Exercise inputs:
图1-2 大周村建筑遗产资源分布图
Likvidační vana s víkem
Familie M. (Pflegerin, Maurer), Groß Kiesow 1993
...
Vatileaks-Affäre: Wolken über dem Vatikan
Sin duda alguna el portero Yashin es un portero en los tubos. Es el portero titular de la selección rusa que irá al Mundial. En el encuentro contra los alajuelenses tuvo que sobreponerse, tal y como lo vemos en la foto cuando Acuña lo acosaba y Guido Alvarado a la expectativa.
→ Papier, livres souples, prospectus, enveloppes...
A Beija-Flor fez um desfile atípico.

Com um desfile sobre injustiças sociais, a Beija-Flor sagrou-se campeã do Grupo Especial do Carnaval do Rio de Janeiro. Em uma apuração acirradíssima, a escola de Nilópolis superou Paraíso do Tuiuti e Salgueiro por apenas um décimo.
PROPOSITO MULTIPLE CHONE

Aim of the exercise: Pick out every line of the listing containing the word "Flor", and show those lines.

Answer section:
A Beija-Flor fez um desfile atípico.
Com um desfile sobre injustiças sociais, a Beija-Flor sagrou-se campeã do Grupo Especial do Carnaval do Rio de Janeiro. Em uma apuração acirradíssima, a escola de Nilópolis superou Paraíso do Tuiuti e Salgueiro por apenas um décimo.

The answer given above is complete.